(古森 義久:産経新聞ワシントン駐在客員特派員、麗澤大学特別教授)
米国の2016年大統領選挙でトランプ陣営がロシア政府と共謀して得票を不正に操作したという「ロシア疑惑」は実際にはなかったことが、ロバート・モラー特別検察官の捜査によって示された。つまり、これまでの2年以上もの「ロシア疑惑」報道はフェイクニュースだったということになる。
この新展開によって、米国の国政の場での民主党とトランプ政権の攻守の構図は一気に逆転し、トランプ政権や共和党側はフェイクニュースを広めた犯人の糾弾を開始した。
トランプ大統領は就任当初からロシアとの“不正な関係”を疑われていた。司法長官が任命したモラー特別検察官による捜査が始まってからこの3月末で22カ月、実際にはその前の2016年夏ごろから連邦捜査局(FBI)による捜査が開始されていたから、実に2年半もの間、フェイクニュースが流されていたことになる。日本でも同様だったから他人事ではない。
「ロシア政府との共謀」は完全にシロと判定
モラー特別検察官事務所の捜査報告の骨子は3月24日、ウィリアム・バー司法長官により発表された。

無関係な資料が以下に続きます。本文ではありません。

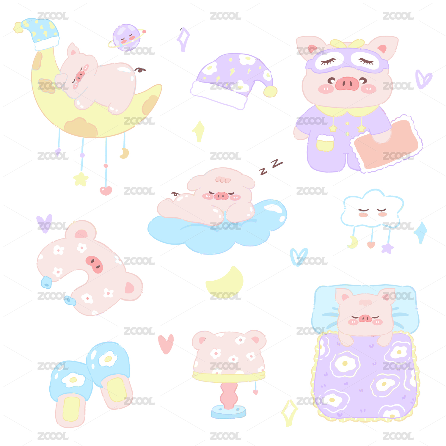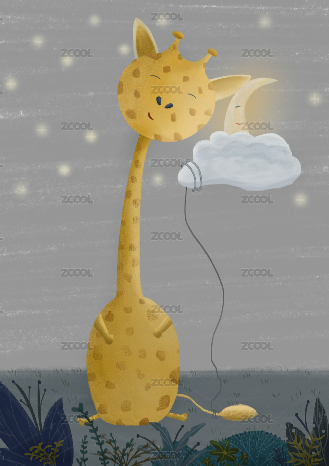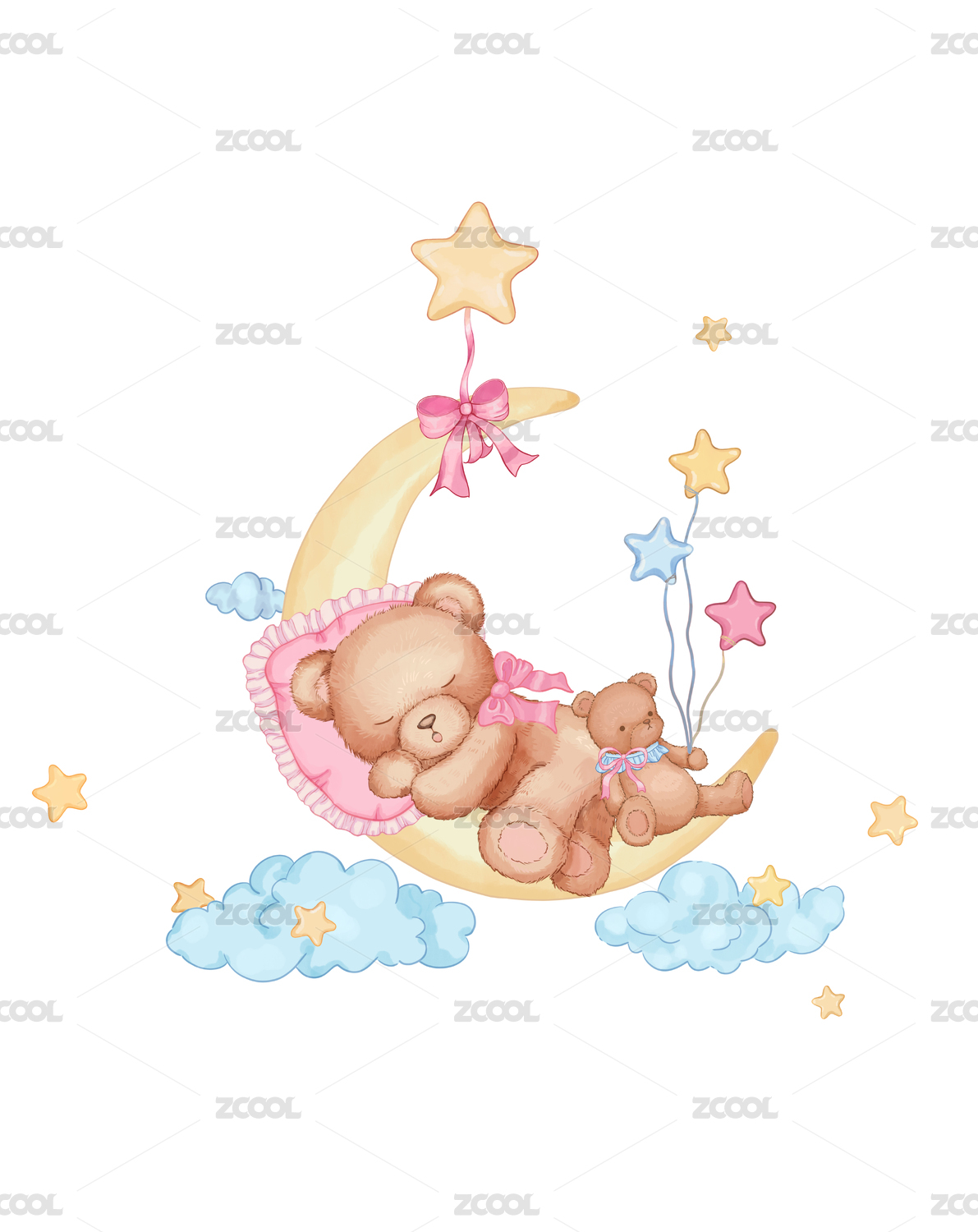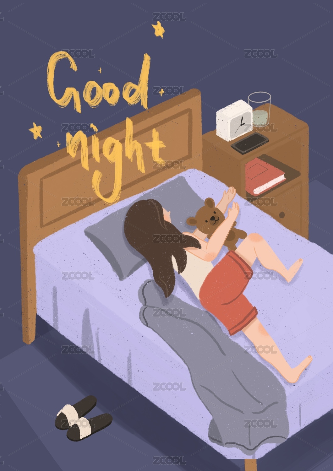 兔子和卷發(fā)女孩一起睡覺晚安插畫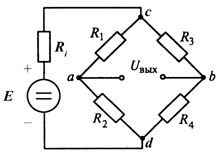 Нагрузка Rн включена в измерительную диагональ ab, источник питания E, Ri включен в диагональ питания cd. R1, R2 и R3, R4 – смежные плечи. Рабочие плечи могут быть оборудованы реостатными ЧЭ, тензорезисторами, терморезисторами и т. д. Мост может иметь одно, два или четыре рабочих плеча. Перед началом измерения, когда X = 0, мост устанавливается в состояние равновесия, при котором Uвых = 0. Условием достижения равновесия является: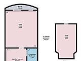 - 2 szobás (alsó szint: nappali, konyha, fürdő, WC – felső szint: hálószoba)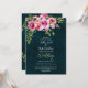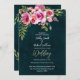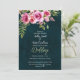 Klassisk emerald grönt, burgundi och rosa ros blommigt, rustik mörk saga moody tematisk bröllopsinbjudan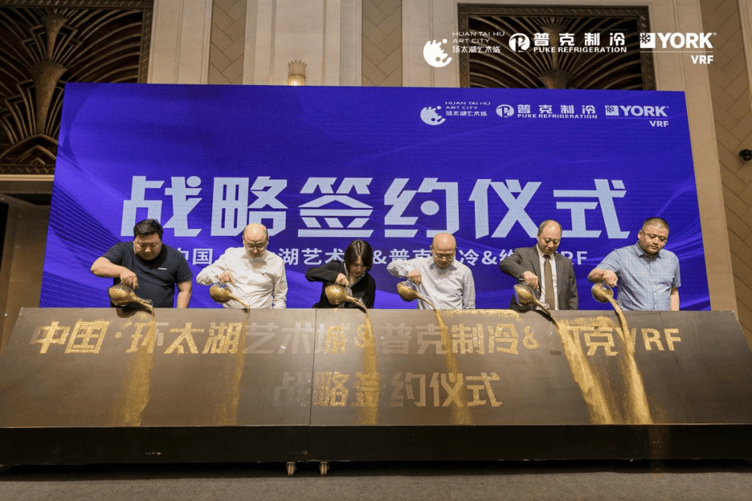 签约仪式最后,台上各领导共同完成了“中国·环太湖艺术城&普克制冷&约克VRF战略签约仪式”的注沙仪式,预示着三方合作的正式达成;未来,环太湖艺术城·近园将不断完善现代化居住体验,以建筑高品质人居为标准,带动整个版块的品质飞跃。
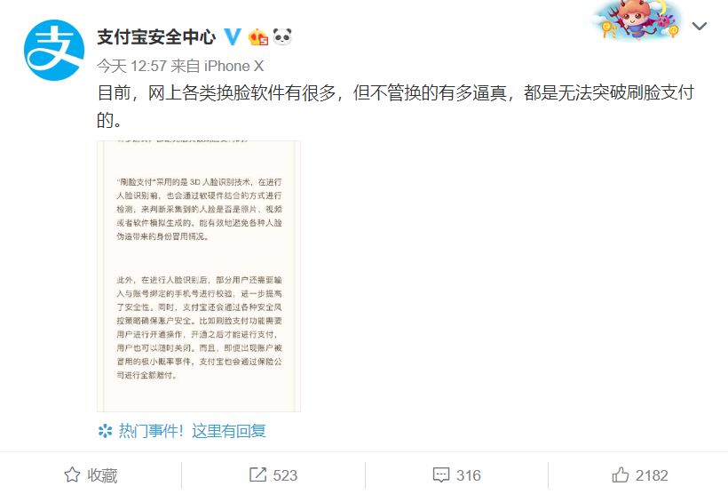 8月31日消息,支付宝安全中心对于网上热传的“AI换脸应用软件会威胁支付宝刷脸支付”作出回应,官方称:“目前,网上各类换脸软件有很多,但不管换的有多逼真,都是无法突破刷脸支付的。”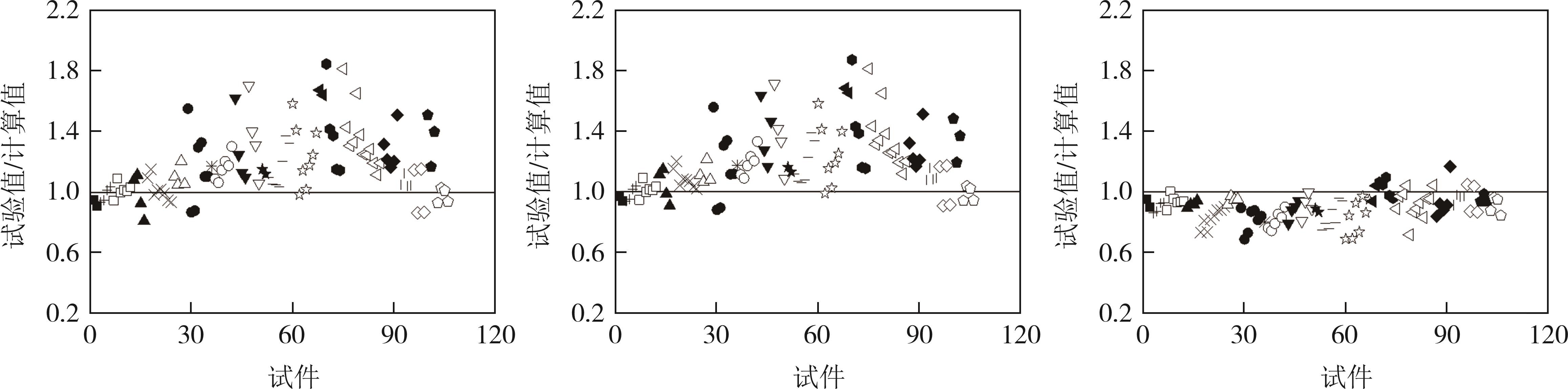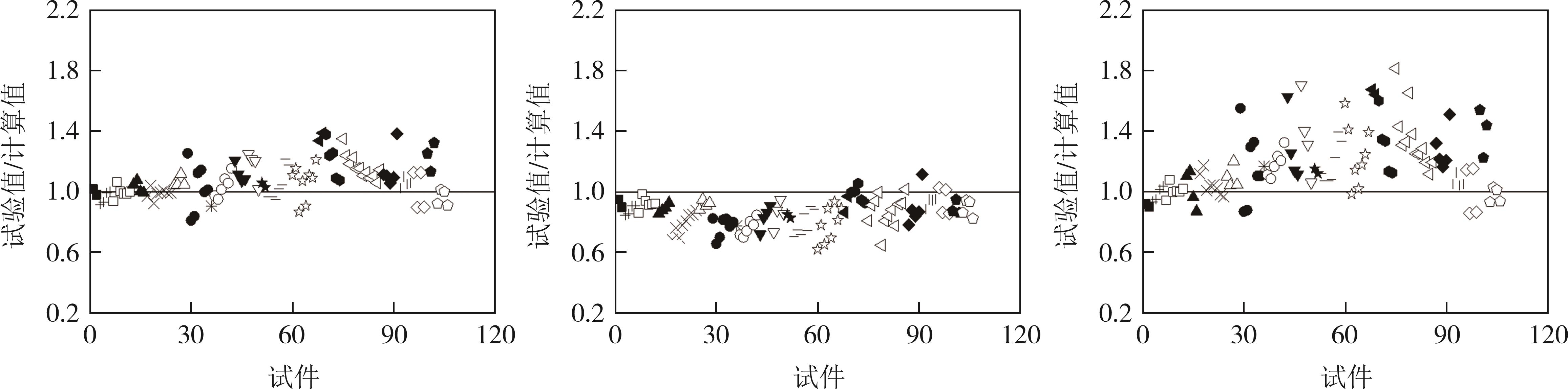 摘要:为了弥补现有钢筋混凝土开洞梁抗剪承载能力模型的不足,考虑破坏模式、洞口形状、洞口尺寸、洞口位置(水平和竖向)、加固配筋形式以及混凝土强度等参数,基于规范建立了抗剪承载力统一模型.通过159个试验数据确定抗剪承载力统一模型,并用来评估现有模型和统一模型.结果表明:按照破坏模式建立抗剪承载力模型是合理的;抗剪承载力统一模型具有较高的准确度,孔侧剪压破坏模式下抗剪承载力模型的均值AV、整体绝对误差IAE和相对平均误差MRE分别为1.035、0.177和0.231,弦杆剪切破坏模式下抗剪承载力模型的AV、IAE和MRE分别为1.007、0.166和0.212;随着混凝土强度的增加,可靠指标β逐渐增加,随着洞口高度的增加,可靠指标β逐渐降低;当洞口高度为0.5de(截面有效高度),可靠指标β仍然能够满足规范要求,建议洞口高度不超过0.4de.本文建立的抗剪承载力统一模型具有较高的适用性、准确性和可靠性.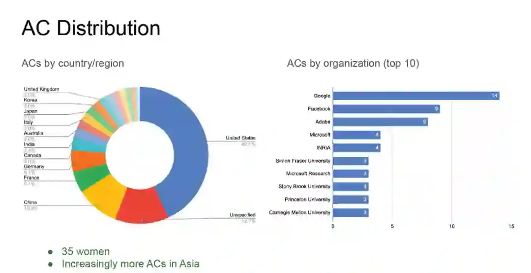 领域主席的分布,刘策特别点出了本届领域主席有35位女士,亚洲领域主席的数量在不断上升。从比例来看,美国仍然是大头,占比43.1%,中国排名在Unspecified之后为第三。从机构来看,谷歌14位的数量稳居老大,Facebook、Adobe、微软都在前五之列。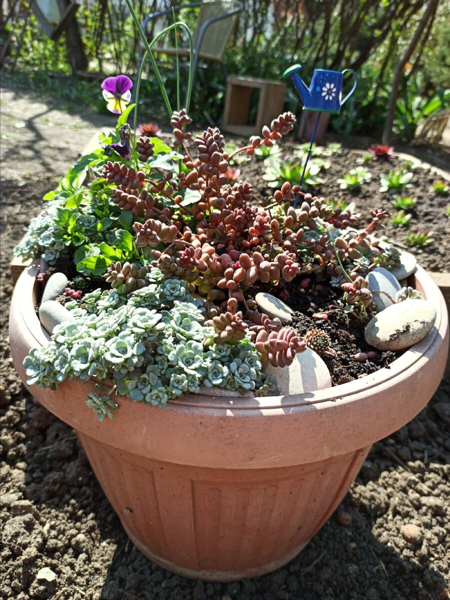 У меня прекрасный сад, которому я посвящаю много времени. Особенно сейчас, когда установились теплые деньки. Люблю цветники и за годы создала уже их немало. Черпаю вдохновение в книгах, журналах, он-лайн ресурсах. Но люблю придумывать что-то сама, экспериментировать с сочетаниями различных растений. Порой получаются интересные комбинации. Одной из таких я делюсь с вами в этой статье. Надеюсь, она будет вам полезна. Для своего цветника я выбрала крупный горшок. На них уложила хороший слой дренажа. Вода не должна застаиваться. Просеяла садовую землю и смешала ее с перегноем. Благо, после зимы он в достатке. В саду у меня предусмотрено специальное место для компоста. В центр цветочной композиции я посадила Седум Шталя. Это очень интересное и эффектное растение. Родом из Мексики. Суккулент с мясистыми листьями. На солнце он приобретает насыщенный бордовый оттенок. Его стебель вырастает до 25 сантиметров. Рядом с седумом Шталя посадила Седум Палмера. Он образует шапочку с голубоватым от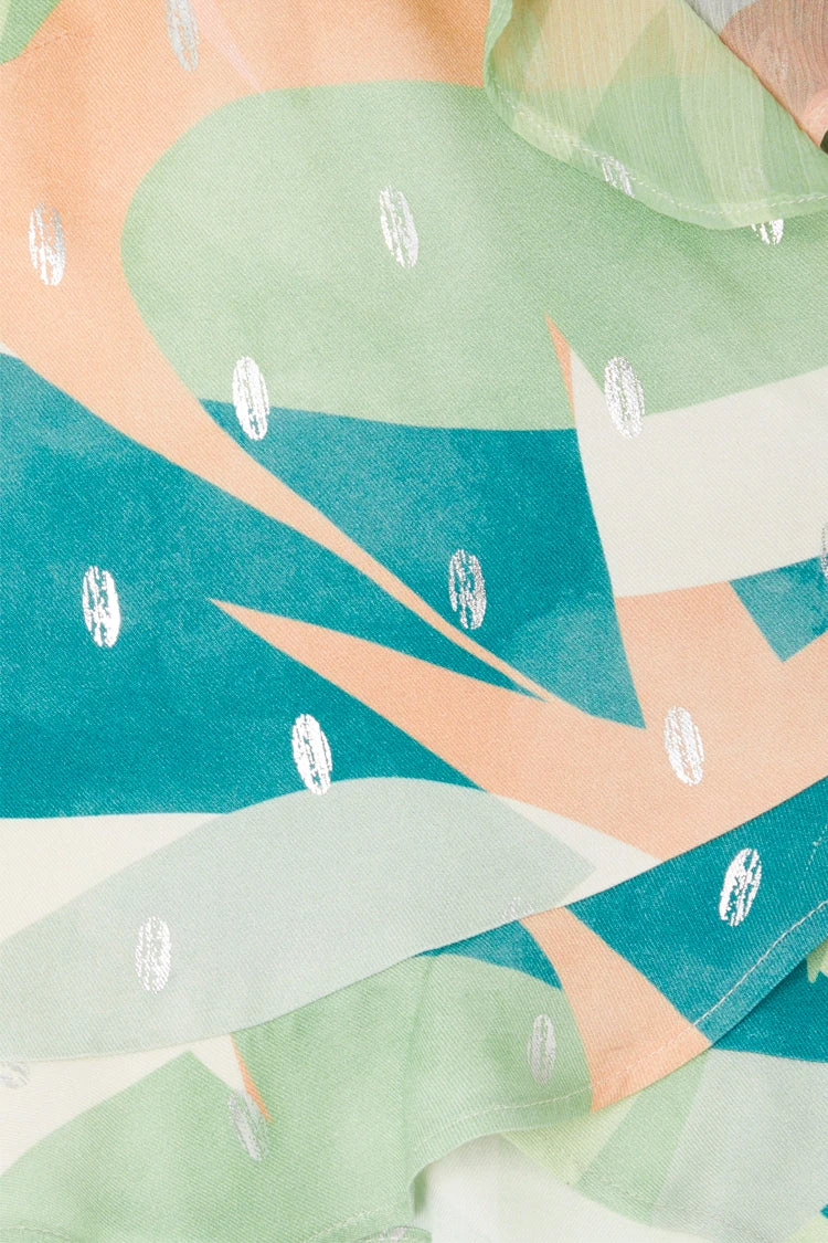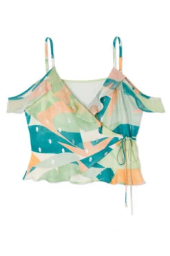 A reedition of our bestselling clover dress print from a couple of years ago, inspired by hand drawn landscapes and Spanish sunsets. This top has a little hole in the side seam to thread the tie through, and wrap at the waist. It features crossover ruffles and a cold shoulder with drapey frilled sleeves.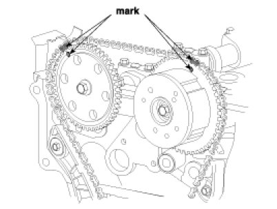 The timing mark of each sprocket should be matched with timing mark (color link) of timing chain at installing timing chain.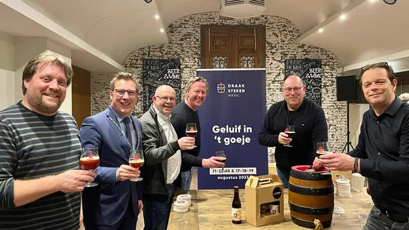 Het eerste vat Draakstaeker bier is vrijdag aangeslagen na afloop van de repetitieavond van het Draakste...

モラー報告書には、捜査の最大対象だった「ロシア政府機関とトランプ陣営の共謀」という疑惑について、「2016年の米国大統領選挙にトランプ陣営のメンバーとロシア政府が共謀、あるいは協力して介入したことは裏づけられなかった」ことが明記された。「ロシア疑惑」についての捜査はこれで終了し、これ以上の起訴はないという。